> _Task input_:

■ ■ ■ ■

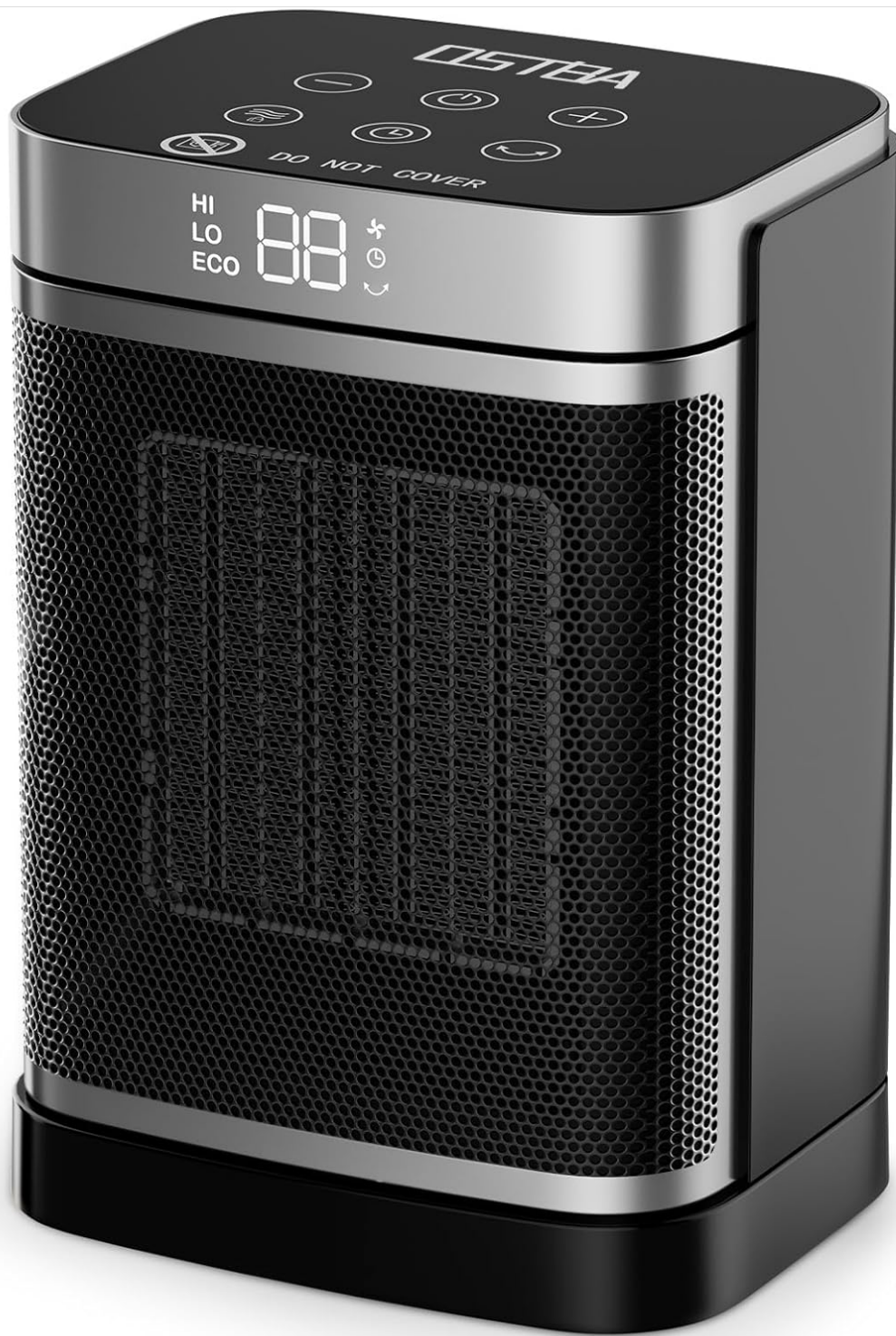
Figure 2: OSTBA PTC-907B Space Heater and Remote Control
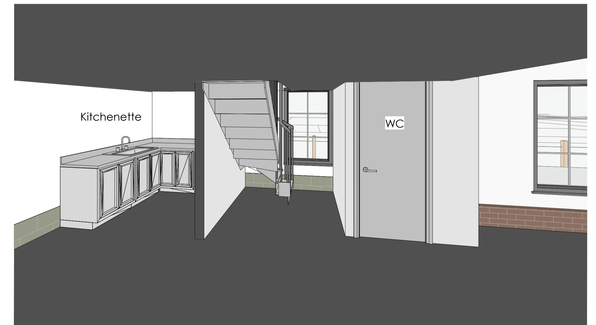
4 3D View 5
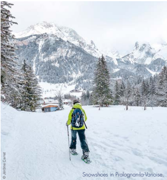
Snowshoes in Pralognan-la-Vanoise.
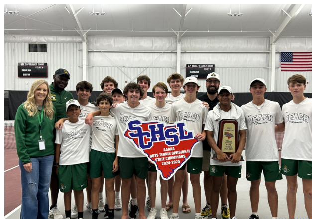
CLASS AAAAA-DIVISION 2 2025 BOYS TENNIS STATE CHAMPIONS
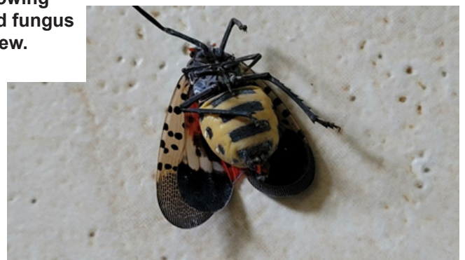
Spotted lanternfly female with her abdomen swollen and full of eggs.
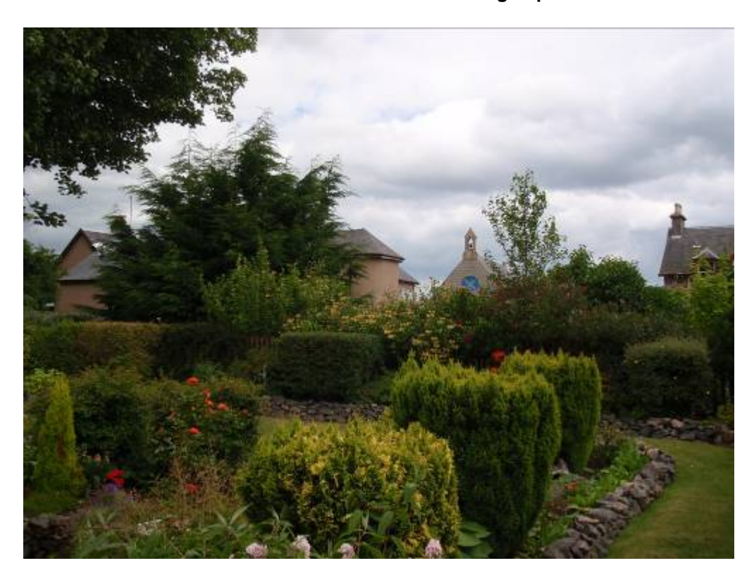
Fig. 8. Private garden area of No. 35 Craig-na-Gower Avenue – proposed flatted block positioned 3.5m from mutual boundary.
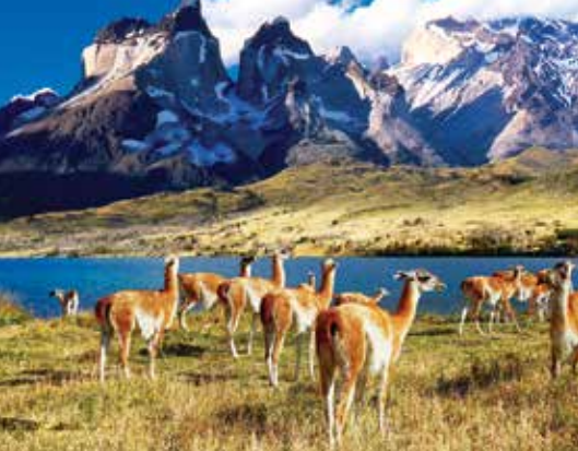
A relative of the domesticated llama, the wild guanaco is native to the Patagonian steppe.

Neither Queen's University nor Queen's University Alumni Association will be responsible for the financing, the arranging or the conducting of these tours. They assume no liability or responsibility for damages or financial loss to person or property of any description, that might occur in connection with these tours howsoever arising from the negligence, omission or otherwise of travel services arranged through Thomas P. Gohagan & Company.
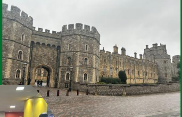
Windsor Castle tours are chaotic; too many drama queens
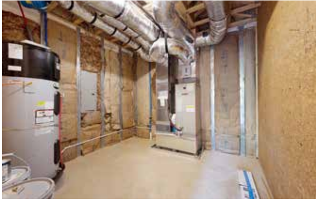
Basement Utility Room and Storage Area
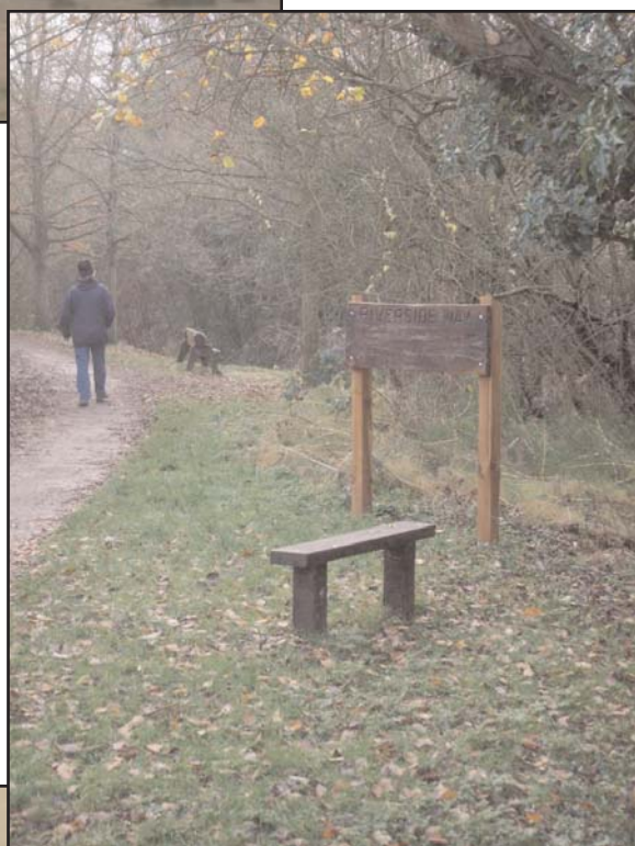
Riverside Way walk, near Moor Mill.
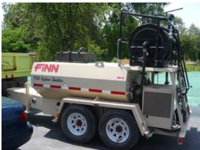
2010 Finn T-90 Hydroseeder

Financial assistance was provided through the New York State Department of Environmental Conservation to FL-LOWPA to purchase new hydroseeding equipment, complete streambank stabilization projects, and to implement agricultural best management practices.
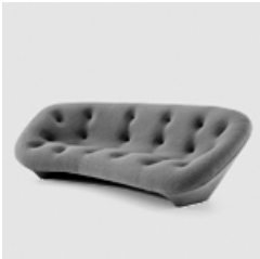
Analyzing the Couch

■ ■ ■ ■

> _Directions_: With the pictures set aside, repeat every entry above exactly.

> _Exercise answer_:
Figure 2: OSTBA PTC-907B Space Heater and Remote Control
4 3D View 5
Snowshoes in Pralognan-la-Vanoise.
CLASS AAAAA-DIVISION 2 2025 BOYS TENNIS STATE CHAMPIONS
Spotted lanternfly female with her abdomen swollen and full of eggs.
Fig. 8. Private garden area of No. 35 Craig-na-Gower Avenue – proposed flatted block positioned 3.5m from mutual boundary.
A relative of the domesticated llama, the wild guanaco is native to the Patagonian steppe.

Neither Queen's University nor Queen's University Alumni Association will be responsible for the financing, the arranging or the conducting of these tours. They assume no liability or responsibility for damages or financial loss to person or property of any description, that might occur in connection with these tours howsoever arising from the negligence, omission or otherwise of travel services arranged through Thomas P. Gohagan & Company.
Windsor Castle tours are chaotic; too many drama queens
Basement Utility Room and Storage Area
Riverside Way walk, near Moor Mill.
2010 Finn T-90 Hydroseeder

Financial assistance was provided through the New York State Department of Environmental Conservation to FL-LOWPA to purchase new hydroseeding equipment, complete streambank stabilization projects, and to implement agricultural best management practices.
Analyzing the Couch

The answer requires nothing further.